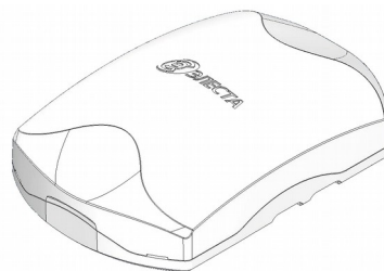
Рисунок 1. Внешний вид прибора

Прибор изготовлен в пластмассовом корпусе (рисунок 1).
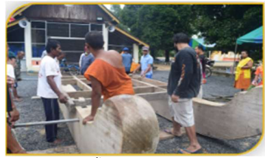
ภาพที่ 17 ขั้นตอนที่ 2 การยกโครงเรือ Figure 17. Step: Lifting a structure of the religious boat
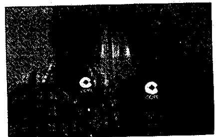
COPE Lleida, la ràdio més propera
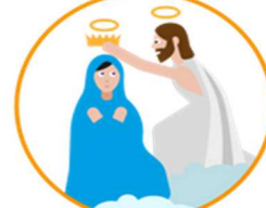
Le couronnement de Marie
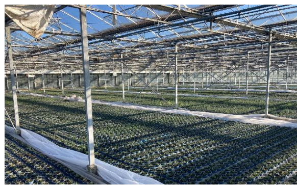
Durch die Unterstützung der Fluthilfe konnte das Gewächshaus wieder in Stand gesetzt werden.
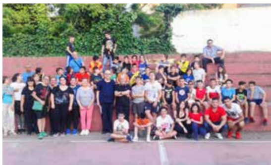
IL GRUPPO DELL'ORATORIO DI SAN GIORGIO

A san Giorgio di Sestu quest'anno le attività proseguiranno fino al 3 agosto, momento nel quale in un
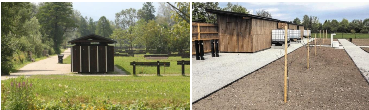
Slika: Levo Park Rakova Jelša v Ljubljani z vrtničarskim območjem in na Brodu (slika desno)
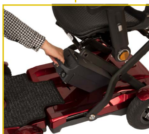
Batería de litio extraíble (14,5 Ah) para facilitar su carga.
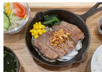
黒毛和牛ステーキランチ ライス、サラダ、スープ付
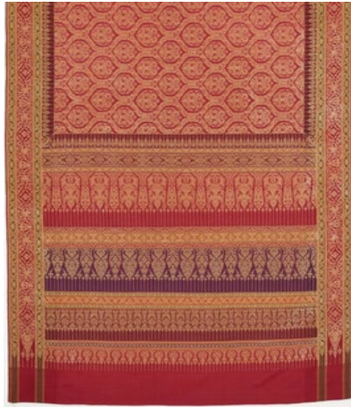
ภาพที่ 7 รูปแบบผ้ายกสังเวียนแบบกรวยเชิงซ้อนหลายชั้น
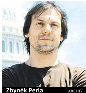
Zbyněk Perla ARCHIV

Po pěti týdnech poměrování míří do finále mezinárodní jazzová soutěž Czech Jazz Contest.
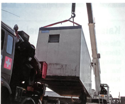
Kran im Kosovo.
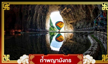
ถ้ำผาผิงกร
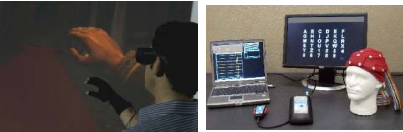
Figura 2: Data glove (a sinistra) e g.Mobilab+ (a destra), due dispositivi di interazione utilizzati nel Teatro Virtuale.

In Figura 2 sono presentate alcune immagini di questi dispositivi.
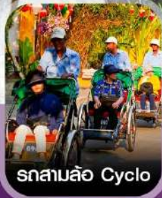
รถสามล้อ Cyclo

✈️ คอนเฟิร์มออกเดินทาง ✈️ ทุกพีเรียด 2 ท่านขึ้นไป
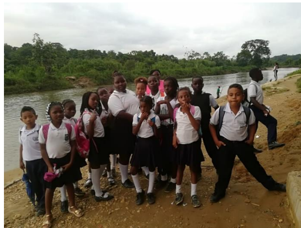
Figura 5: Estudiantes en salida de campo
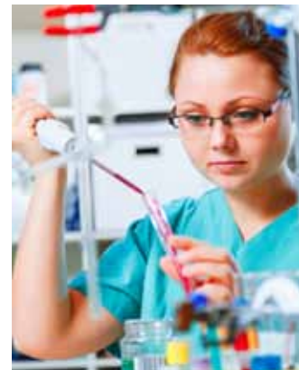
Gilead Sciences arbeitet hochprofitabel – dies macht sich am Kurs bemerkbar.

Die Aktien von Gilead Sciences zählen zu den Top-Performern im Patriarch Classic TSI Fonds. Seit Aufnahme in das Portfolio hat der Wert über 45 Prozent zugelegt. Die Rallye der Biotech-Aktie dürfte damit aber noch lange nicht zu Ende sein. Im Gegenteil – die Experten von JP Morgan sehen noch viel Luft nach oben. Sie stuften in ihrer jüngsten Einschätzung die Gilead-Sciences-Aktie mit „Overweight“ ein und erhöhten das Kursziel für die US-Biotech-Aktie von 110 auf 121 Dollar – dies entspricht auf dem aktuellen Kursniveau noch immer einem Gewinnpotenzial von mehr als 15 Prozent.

----

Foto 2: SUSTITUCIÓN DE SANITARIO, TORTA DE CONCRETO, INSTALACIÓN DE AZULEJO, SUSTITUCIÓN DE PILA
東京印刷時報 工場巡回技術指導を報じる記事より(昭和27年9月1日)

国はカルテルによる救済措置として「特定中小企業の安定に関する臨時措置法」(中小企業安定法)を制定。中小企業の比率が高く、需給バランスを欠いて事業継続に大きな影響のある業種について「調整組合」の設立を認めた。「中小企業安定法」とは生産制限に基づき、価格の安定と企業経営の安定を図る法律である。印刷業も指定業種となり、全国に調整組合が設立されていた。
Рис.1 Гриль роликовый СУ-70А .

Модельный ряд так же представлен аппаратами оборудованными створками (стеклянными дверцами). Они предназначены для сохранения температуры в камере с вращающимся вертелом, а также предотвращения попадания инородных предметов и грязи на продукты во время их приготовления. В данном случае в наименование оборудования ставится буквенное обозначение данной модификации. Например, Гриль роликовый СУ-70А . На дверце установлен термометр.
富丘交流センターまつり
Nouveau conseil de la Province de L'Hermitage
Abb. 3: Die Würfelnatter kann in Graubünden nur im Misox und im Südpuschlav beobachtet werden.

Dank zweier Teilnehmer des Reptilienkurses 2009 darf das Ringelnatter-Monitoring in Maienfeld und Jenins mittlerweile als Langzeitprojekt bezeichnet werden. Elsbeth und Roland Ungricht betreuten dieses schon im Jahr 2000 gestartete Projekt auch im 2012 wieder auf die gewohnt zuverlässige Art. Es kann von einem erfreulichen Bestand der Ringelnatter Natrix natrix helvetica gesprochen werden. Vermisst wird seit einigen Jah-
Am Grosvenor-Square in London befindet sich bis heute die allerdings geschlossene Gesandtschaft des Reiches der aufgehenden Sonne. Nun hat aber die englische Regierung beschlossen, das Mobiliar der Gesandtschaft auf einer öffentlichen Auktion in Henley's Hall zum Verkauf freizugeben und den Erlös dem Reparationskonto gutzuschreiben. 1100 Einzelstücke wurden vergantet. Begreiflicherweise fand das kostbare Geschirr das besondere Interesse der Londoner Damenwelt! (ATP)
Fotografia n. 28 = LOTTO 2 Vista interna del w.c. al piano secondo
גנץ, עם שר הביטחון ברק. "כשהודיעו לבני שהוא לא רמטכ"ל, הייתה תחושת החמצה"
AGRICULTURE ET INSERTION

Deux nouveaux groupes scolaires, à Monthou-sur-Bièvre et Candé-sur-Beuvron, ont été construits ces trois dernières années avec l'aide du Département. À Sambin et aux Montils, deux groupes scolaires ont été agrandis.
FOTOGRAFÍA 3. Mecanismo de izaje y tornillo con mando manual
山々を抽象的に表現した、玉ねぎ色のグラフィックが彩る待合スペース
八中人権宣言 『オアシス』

----

• _ASSIGNED TASK_
Go through the listing above and pull out each line containing the word "Гриль".

• _YOUR RESPONSE_
Рис.1 Гриль роликовый СУ-70А .
Модельный ряд так же представлен аппаратами оборудованными створками (стеклянными дверцами). Они предназначены для сохранения температуры в камере с вращающимся вертелом, а также предотвращения попадания инородных предметов и грязи на продукты во время их приготовления. В данном случае в наименование оборудования ставится буквенное обозначение данной модификации. Например, Гриль роликовый СУ-70А . На дверце установлен термометр.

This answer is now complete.